Collection entries

>>

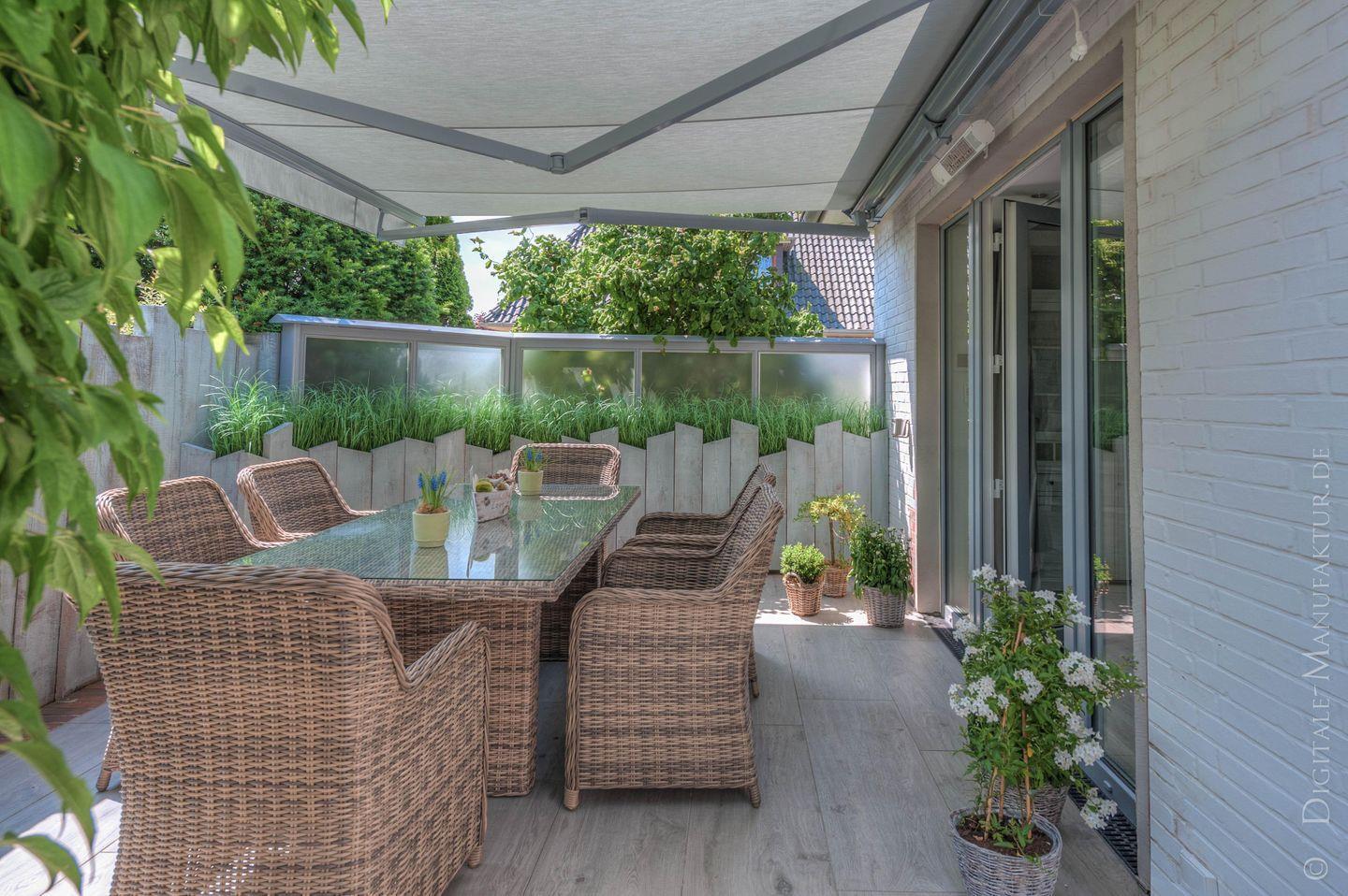 Zugang zur Terrasse mit einer geschützten Sitzecke, Strandkorb, Infrarotstrahler, ganzjährig nutzbarer Grill und Markise
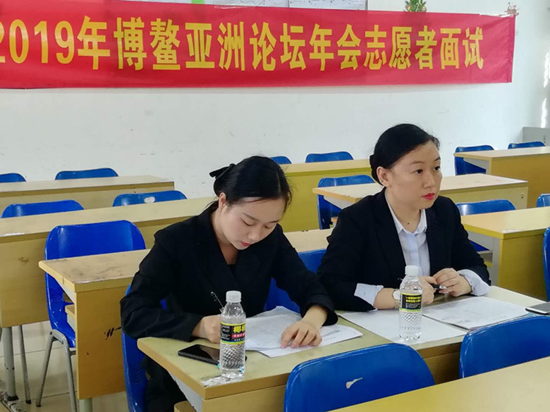 今年的志愿服务活动,同学们更感兴趣的还是即将召开的博鳌亚洲论坛年会,在今年的志愿者面试中,同学们精神抖擞,展现了自信、干练的一面,相信他们今年一定能很好的服务年会,展现英语系学生的风采。
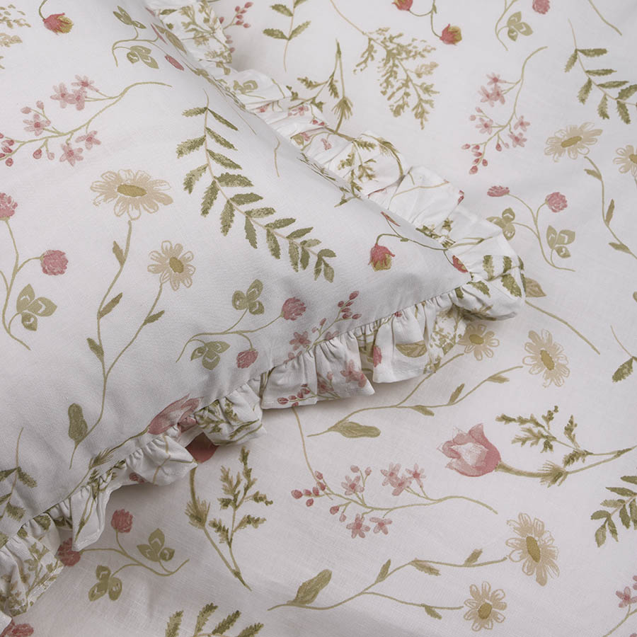 Mykt og slitesterkt sengesett i slubvevd bomull – en lett teksturert kvalitet med et rustikt og avslappet uttrykk. Det delikate naturmønsteret tilfører soverommet en harmonisk atmosfære, og den søte volangen rundt putevaret gir designet det lille ekstra.
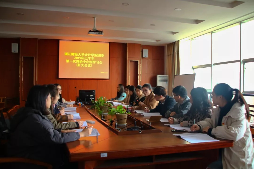3月7日下午,ued体育 会计学院团委2019年上半年第一次理论中心组学习会在学院楼301会议室召开。学院团委书记朱丽娟、各部门指导老师及主要学生干部参会。
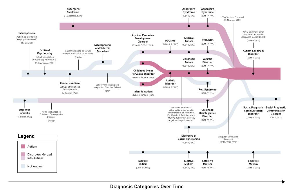 Figure II.1 provides a schematic illustration of how the diagnoses of various neuro-developmental conditions have changed during the 20th and 21st centuries, including how several conditions formerly treated as independent have been merged under the umbrella of autism spectrum disorder (ASD).
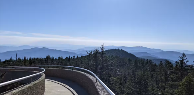 그레이트 스모키 산맥(Great Smoky Mountains)에 위치한 쿠워히(Kuwohi, 이전 명칭: 클링먼스 돔 Clingmans Dome)의 전망대에서 바라본 풍경. 출처: 미국 국립공원관리청
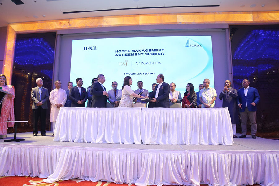 On April 17, the Hotel Management Agreement was signed by representatives from The Indian Hotels Company Ltd (IHCL) and Borak Real Estate Ltd (BREL) at Sheraton Dhaka.
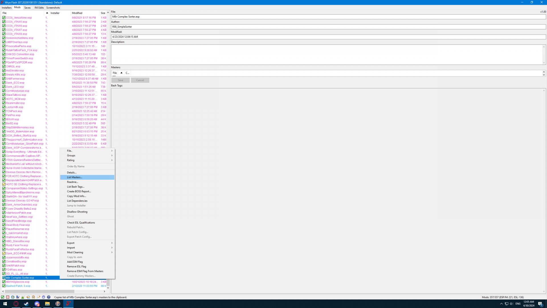 В Wrye Bash  M8r теперь красный и пишет несколько мастер файлов отсутствуют. Это норма?
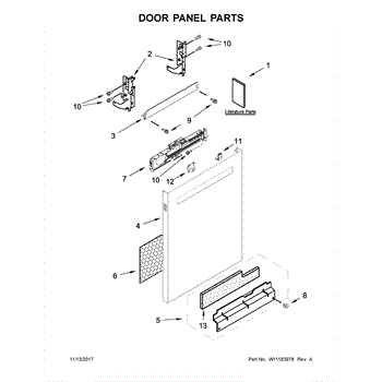 The Panel (BLK) is an OEM part for Whirlpool dishwashers. This black exterior panel is designed to provide a sleek and durable front surface for the dishwasher, enhancing its appearance and protecting internal components.
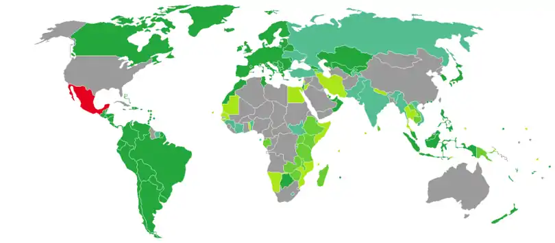 Visa requirements for Mexican citizens are administrative entry restrictions by the authorities of other states placed on citizens of Mexico. In 2018, Mexican citizens had visa-free or visa on arrival access to 158 countries and territories, ranking the Mexican passport 21st in terms of travel freedom according to the Henley visa restrictions index.[19]
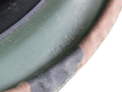 Two helmets one having camouflage fabric cover.
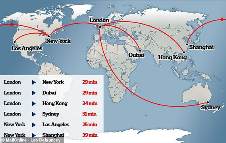 It would take just 29 minutes for a trip from London to New York and less than 60 minutes from London to Sydney.
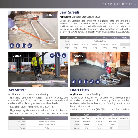 This manual, one-man vibrating screed is easy to use and Trowel large areas of wet concrete to a smooth finish
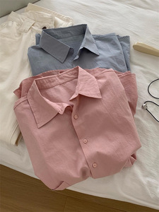 靓依轩韩系树莓粉长袖衬衫女早秋新款薄款慵懒宽松休闲衬衣外套女
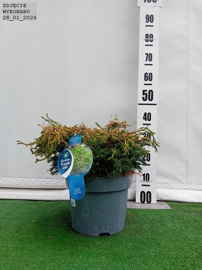 Zimozielony wolnorosnący cyprysik o płaskokulistym pokroju. dobrze zagęszczony. Pędy nitkowate. proste. Ulistnienie łuskowate. złocistożółte do jasnozielonożółtego. Po 10 latach dorasta do 0.6 m wysokości i 0.7 m średnicy. Nadaje się mieszanych kompozycji
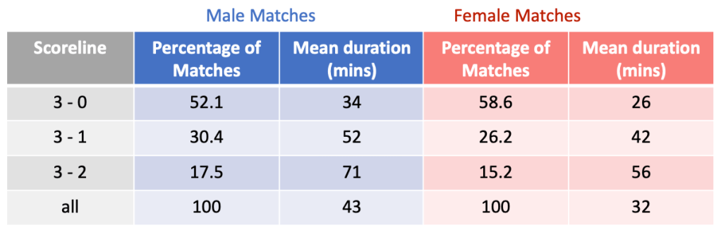 It is difficult to extract concrete conclusions from match durations statistics alone, mainly due to the fact there is a large variation and it depends on a lot of factors: the gender of the players, the stage of the tournament, and the rank difference between the players. However, this study provides a point of reference whereby matches can be compared to general trends. For example, if you watch a male fine that was 60 minutes long you can tell that this watch was slightly longer than average, but not by much (average male final is). It can also be an indication of competitiveness that perhaps the scoreline does not fully convey. For example if you watch a female match that ended in a 3-0 score but lasted 35 minutes, one can conclude that although the scoreline indicates a one-way dominance, the match duration is much larger than the average 3 – 0 scoreline (24.5 minutes) indicating it was more competitive.
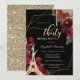 Um moderno, chique e glamuroso brilho gotejante, rosas vermelhas e torre Eiffel em fundo preto.
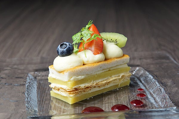 しっとりした芋ようかん、サクサクのパイ生地、ふわふわの生クリームスポンジ。食感の違う素材を重ねて、ここでしか味わえないミルフィーユを作りました。 芋ようかんと同じ素材のさつまいもペーストは糖度の違う2種を使用。最後まで変化を楽しめる一皿です。
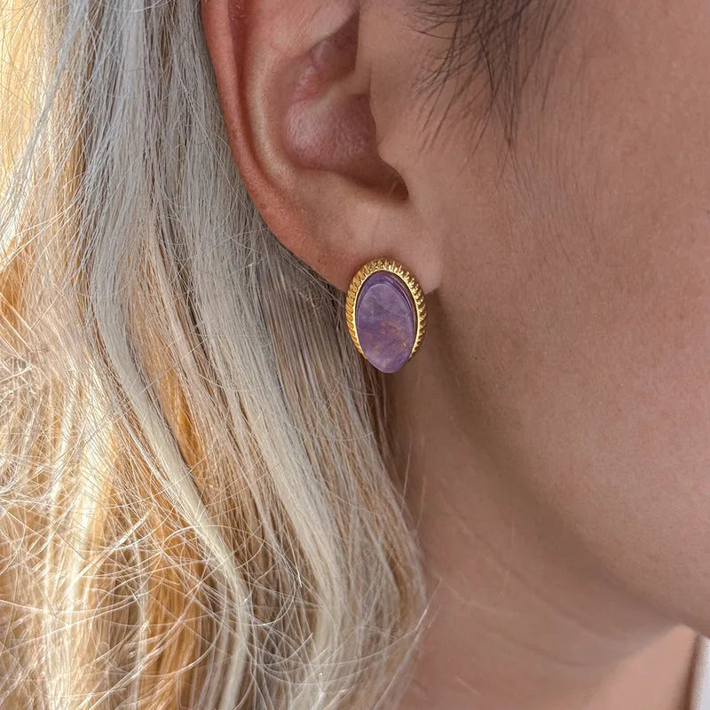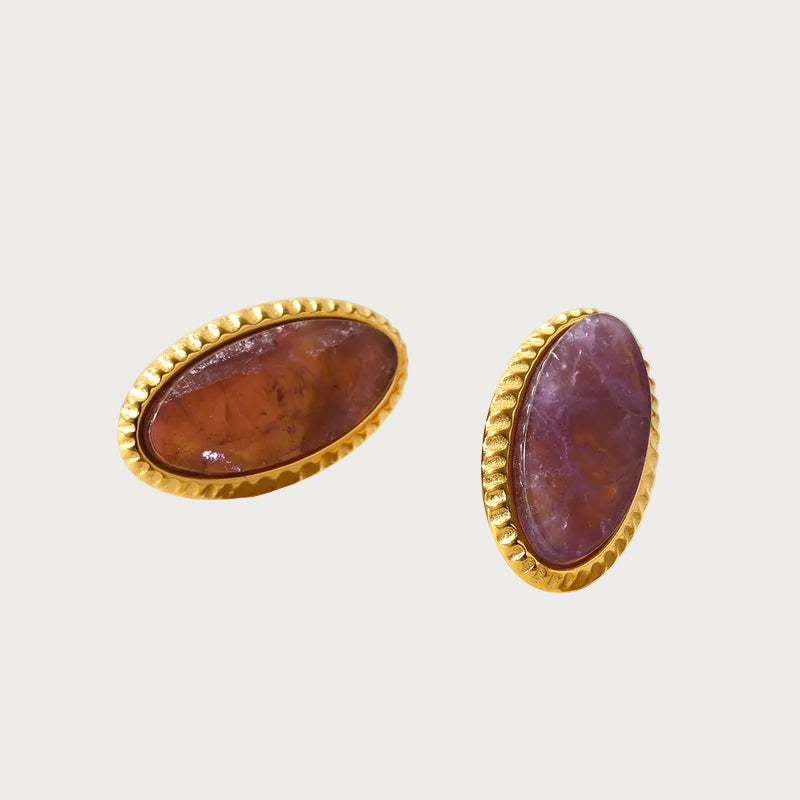 The Golden Aura Earrings are the perfect blend of elegance and uniqueness, a subtle pop of color with a luxurious look. The natural stone catches the light beautifully, making each earring unique. Surrounded by a refined gold rim, the earrings have a warm, chic look that's perfect for both day and night.
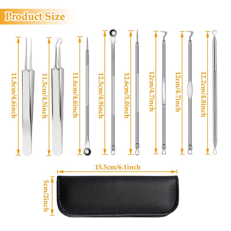 - 9-in-1 blackhead remover set: this set contains 6 professional tools for blackheads and pimples, 2 blackhead tweezers and 1 sheet pimple patch.
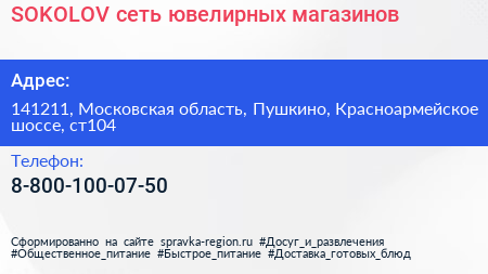 SOKOLOV, сеть ювелирных магазинов по адресу 141211, Московская область, Пушкино, Красноармейское шоссе, ст104 в дальнейшем Организация, размещена в следующих категориях:
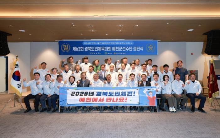 예천군(군수 김학동)과 예천군체육회(회장 이철우)는 23일 오후 6시 30분, 경북도청 신도시 청하에서 제63회 경북도민체육대회 선수단 결단식을 갖고 필승의 각오를 다졌다. 이날 결단식은 김학동 군수, 강영구 군의회 의장, 이철우 체육회장과 선수 및 임원 8
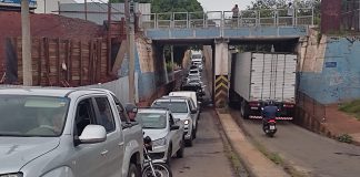 Na manhã desta quinta, 28, foi preciso realizar um desvio para garantir a segurança das obras de duplicação do viaduto da Praça...
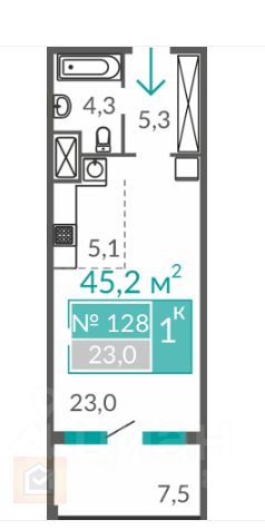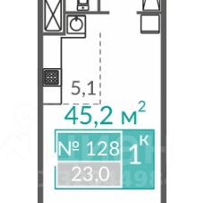 Общая площадь составляет 45.2 м², жилая — 23 м².

<<

Take the records from their first line through the line containing "Figure II.1 provides" and please return exactly those lines, both ends included, minus the pictures.

## [Solution to this exercise]
 Zugang zur Terrasse mit einer geschützten Sitzecke, Strandkorb, Infrarotstrahler, ganzjährig nutzbarer Grill und Markise
 今年的志愿服务活动,同学们更感兴趣的还是即将召开的博鳌亚洲论坛年会,在今年的志愿者面试中,同学们精神抖擞,展现了自信、干练的一面,相信他们今年一定能很好的服务年会,展现英语系学生的风采。
 Mykt og slitesterkt sengesett i slubvevd bomull – en lett teksturert kvalitet med et rustikt og avslappet uttrykk. Det delikate naturmønsteret tilfører soverommet en harmonisk atmosfære, og den søte volangen rundt putevaret gir designet det lille ekstra.
3月7日下午,ued体育 会计学院团委2019年上半年第一次理论中心组学习会在学院楼301会议室召开。学院团委书记朱丽娟、各部门指导老师及主要学生干部参会。
 Figure II.1 provides a schematic illustration of how the diagnoses of various neuro-developmental conditions have changed during the 20th and 21st centuries, including how several conditions formerly treated as independent have been merged under the umbrella of autism spectrum disorder (ASD).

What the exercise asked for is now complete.